WORK REQUEST
The answer must be an exact reprint of the lines from the one with "Handmade in our" through the final line of the data, with no pictures included.
(DATA SHOWN)
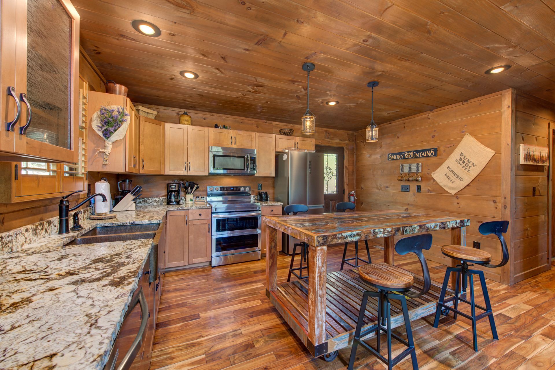 *The Black Bear Cabin has granite counters featuring a chiseled stone edge, a hammered copper sink, stainless steel appliances, a stone-accented gas fireplace, wood throughout, and more.
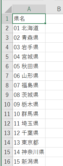 この作業,Excelのシート上に都道府県一覧を用意し,
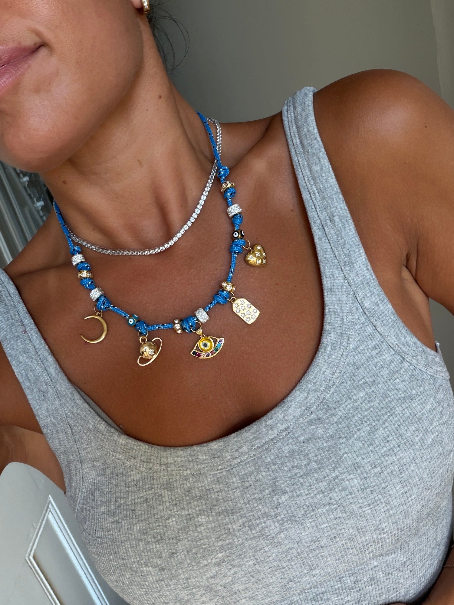 Handmade in our Melbourne studio from blue paracord, adjustable with a sliding toggle. Adorned with 5 luxe charms pendants including moon, planet, evil eye, dog tag, and heart, alongside evil eye, diamanté, and metal beads. Wear short or long.
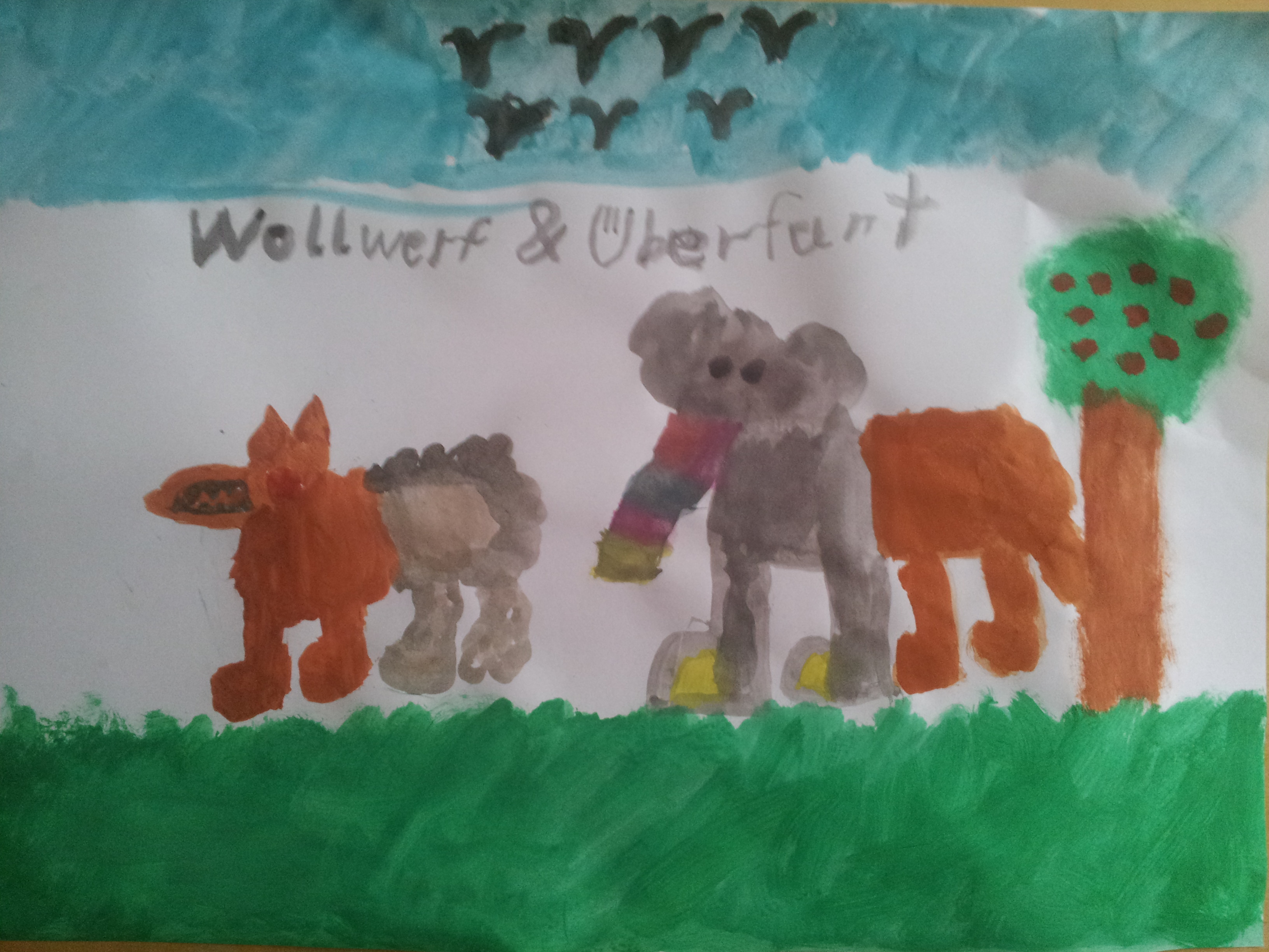Der Wollwerf, der sah ganz schaurig aus. Im Maul ganz spitze, scharfe Zähne und am Po, vom Schaf die Mähne.
(End DATA SHOWN)
RESPONSE AREA
 Handmade in our Melbourne studio from blue paracord, adjustable with a sliding toggle. Adorned with 5 luxe charms pendants including moon, planet, evil eye, dog tag, and heart, alongside evil eye, diamanté, and metal beads. Wear short or long.
Der Wollwerf, der sah ganz schaurig aus. Im Maul ganz spitze, scharfe Zähne und am Po, vom Schaf die Mähne.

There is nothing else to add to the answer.